De plus, la globalisation a conduit à une exportation de toutes les capacités industrielles vers les pays asiatiques. Les Etats-Unis se sont dépossédé des investissements productifs, ou au moins d’une partie de la chaîne de production. Cette démarche correspond à l’optimisation des avantages comparatifs de David Ricardo mais crée une fragilité inhérente.

Elle rappelle la fameuse phrase de Ross Perot, candidat aux présidentielles de 1992 et de 1996, qui, pour s’opposer aux accords de libre-échange NAFTA (USA-Canada-Mexique) avait invoqué un giant sucking sound, c’est-à-dire un effet d’aspiration des emplois industriels et des capacités manufacturières par les partenaires des Etats-Unis. Il n’a pas eu raison car c’est l’affiliation de la Chine à l’OMC qui a contribué à rebattre les cartes du commerce international.

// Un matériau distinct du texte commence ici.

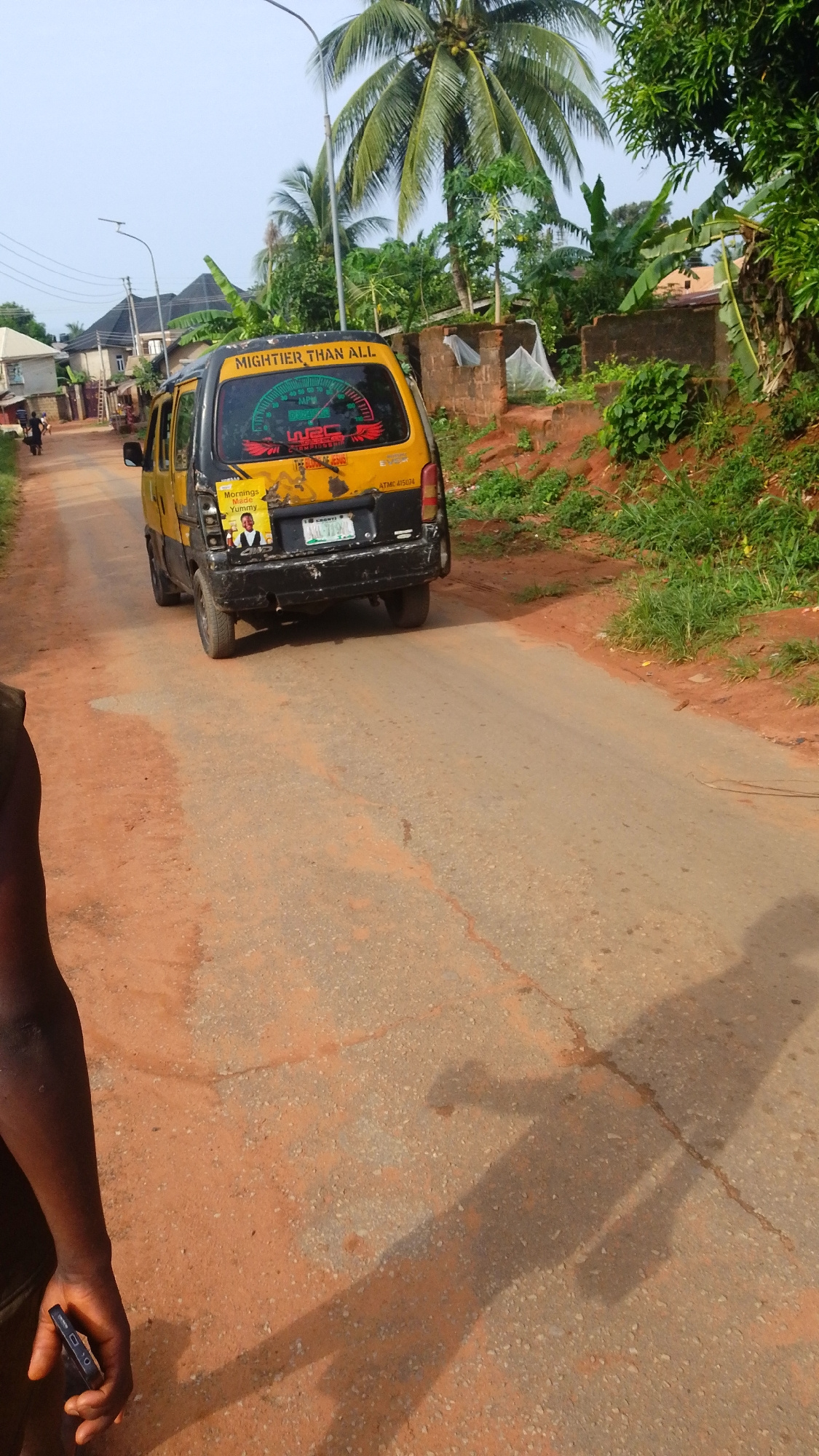 The image shows a yellow and black minivan with the text "MIGHTIER THAN ALL" on the back, driving on a partially paved road in Enugwu-Ukwu, Nigeria. The vehicle has a Nigerian license plate. The surroβ¦read more

Que vont faire les Etats-Unis ? La réponse sera probablement un mélange de complaisance monétaire (qui devrait conduire à un dollar structurellement faible) et d’un protectionnisme industriel larvé. Personne ne contestera ces orientations, car l’interdépendance des économies place les pays dans un état de dépendance, voire de vulnérabilité, par rapport aux Etats-Unis qui, dans le passé, donnaient des réponses militaires vigoureuses à leurs déséquilibres internes. Cette époque est heureusement révolue.